Though not lauded by many as a classic, the 1974 version of Death Wish was a landmark film that remains shocking and provocative to this day, and influenced a countless number of imitators in the wake of its success.
A 1981 sequel was a vicious satire of those imitators, and a third film in 1985 was a hilarious parody. All three movies, directed by Michael Winner and starring Charles Bronson, were torn to shreds by critics. But they wrote the book on the revenge movie, and then slammed it shut it in anarchistic style (the fourth and fifth entries in the series can be safely ignored).
And here’s a 2018 remake written by Joe Carnahan (The Grey), directed by Eli Roth (Hostel), and starring Bruce Willis, all three of whom couldn’t be better suited to a project like this, about a peace-loving liberal who becomes a gun-toting right-wing vigilante after the brutal murder of his wife. It also couldn’t come out at a better time.
Except for one thing: the creators get this story so fundamentally wrong that it simply becomes another gutless revenge drama that says nothing about the society it portrays, and serves only as an insult to a classic series of films.
For a while, however, Death Wish 2018 at least keeps up appearances. The action has been amusingly transported from New York to Chicago – the new US capital of gun violence – and Paul Kersey (Willis) is a now a surgeon instead of an architect, which provides an interesting contrast. Kersey tends to a gang member who has shot a cop in an early scene that takes place offscreen because this movie can’t afford to challenge its audience.
Similarly, the murder of Kersey’s wife (Elisabeth Shue) and attempted murder of his daughter (Camila Morrone) also happen offscreen (compare that to the original, in one of the most unsettling attack scenes to feature in a major Hollywood film). The daughter is neither raped nor subjected to further trauma (she cannot even recall the attack) but instead slips into a coma for reasons of plot convenience.
This allows Kersey to dawn a hoodie and go full vigilante in all of two scenes, shooting up carjackers and drug dealers and inspiring real-life morning radio DJs like Mancow (who might have the most dialogue of anyone in this movie) to inanely ponder whether vigilante justice is good or bad so the audience doesn’t have to.

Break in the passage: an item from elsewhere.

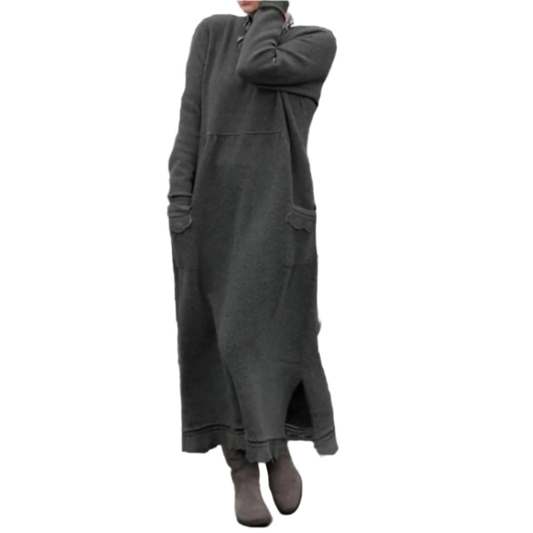 Oplev den perfekte kombination af stil og komfort med denne maxi kjole, der holder dig varm og elegant hele dagen. Denne kjole er ideel til både afslappede dage derhjemme og udendørs eventyr.

We’re halfway through this Death Wish, and it’s a dumb but serviceable update. Especially dumb because of scenes like this: the movie needs to get an untraceable gun in Kersey’s hands, but instead of a lengthy subplot like in the original, here a gangbanger conveniently drops a glock on the floor while bleeding out on Kersey’s operating table. Uh-huh.
And then, the filmmakers lose the plot.
The original Death Wish, the classic revenge movie that influenced all others, is in fact not a revenge movie. Despite all the vigilantism, Paul Kersey never finds or even looks for those responsible for the destruction of his family. He’s a broken man lashing out at a society that has failed him, and revenge would only justify his vigilante actions.
But Carnahan and Roth, displaying no understanding of this fundamental story, see fit to fix what ain’t wrong. And not only that: they use the same exact unbelievable contrivance they used earlier to give Kersey the gun.
Because guess who’s next up on Kersey’s operating table? Yes, it’s the gangbanger responsible for the destruction of Kersey’s family, still wearing his stolen watch.
And the rest of the film becomes a slick, brainless revenge movie like all the others. For most this will be acceptable disposable entertainment, and it’s not exactly poorly made. But for fans of the original, or anyone looking for some fleeting thought in their violent revenge drama, this is the absolute pits.
Author Brian Garfield, who wrote the original novel Death Wish was based on, was reportedly so unhappy with the original film that he was inspired to write a sequel (Death Sentence, which was ‘adapted’ into a totally unrelated movie starring Kevin Bacon years later).
I’d love to hear what he thinks of this new movie, which plasters his name across the end credits as if it were a more accurate version of novel rather than just another vapid remake of the earlier film (hint: it isn’t).